It’s a tradition as time-tested as grandma’s pumpkin pie. Every year on Thanksgiving Day, a football team has to make the worst possible choice for a halftime performer of country pop dregs and embarrass country music on a national stage like your drunken uncle making a racist tirade in front of your fiancé.
This year, after their disgraceful 40-3 loss to the Dallas Cowboys, the Minnesota Vikings chose Florida Georgia Line’s Tyler Hubbard to be the halftime interpreter for the NFL’s primetime Thanksgiving Day game. listen.
The only thing cheaper than booking Florida Georgia Line for your halftime show is booking half Florida Georgia Line for your halftime show. But of course the Vikings had no other choice if they wanted to book Florida Georgia Line since the duo officially broken up earlier this year amid plummeting interest in their tired Bro-Country shtick.
Minnesota Vikings fans have taken to social media to blow raspberries at the decision of course, because it’s not 2013 anymore, and most people have woken up to how awful Bro-Country is, while that a lot of fans were left baffled because hardly anyone knew the specific names for the Florida Georgia Line dudes anyway. “Is he in Florida or Georgia?” was a common refrain. Tyler Hubbard is Georgia, by the way.
The truth is, Tyler Hubbard’s solo probably isn’t as terrible as Florida Georgia Line was, but when you’re down, it’s not hard to improve. Still, couldn’t they find a better performer than the remnants of country music’s Bro phase?
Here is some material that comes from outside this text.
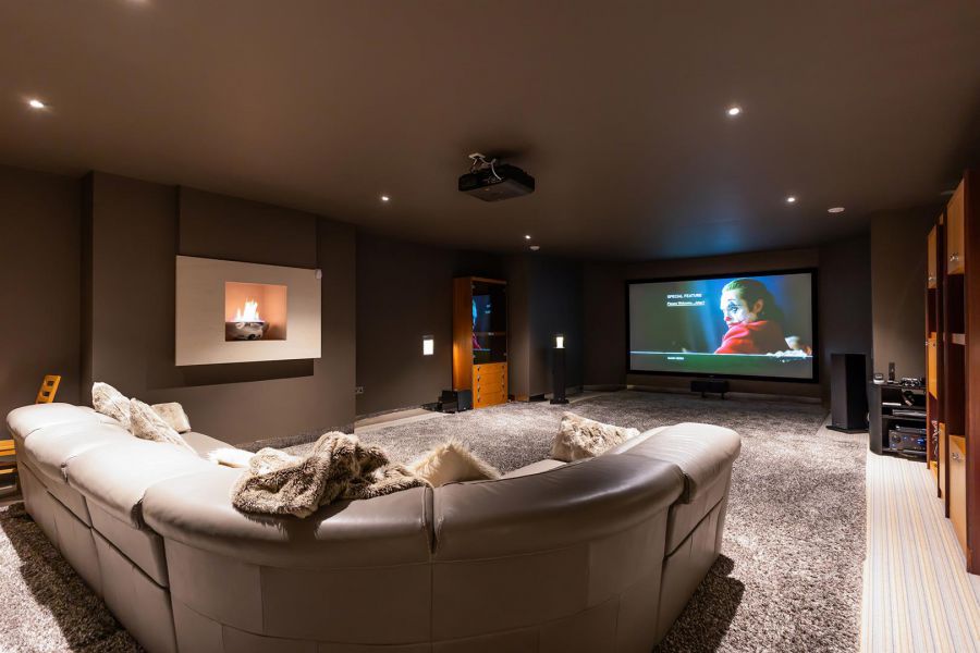 Large Cinema Room with Second Media Station, Remote Access to Sound System, Full Surround Sound, 3D Projector, Feature Raised Gas Fire with Limestone Surround and Mood Lighting

Here in 2022 you have a bunch of newer country artists who are way more popular than half of Florida Georgia Line. One look at the charts, and you can see that even more independent artists like Zach Bryan and Tyler Childers are surpassing the popularity of Tyler Hubbard.
Don’t be surprised if in the years to come we don’t see artists like Tyler Childers, Zach Bryan, the Turnpike Troubadours, Billy Strings, Cody Jinks, and others performing these kinds of performances. After all, they’re all reaching local popularity, while Tyler Hubbard is over there opening for Keith Urban.
It’s a new day in country music, and institutions like the NFL should take notice. It’s time to start giving artists from the more independent side of country music a fair chance to take advantage of these opportunities. After all, don’t you think fans might dig something they might not know more than something they already know sucks?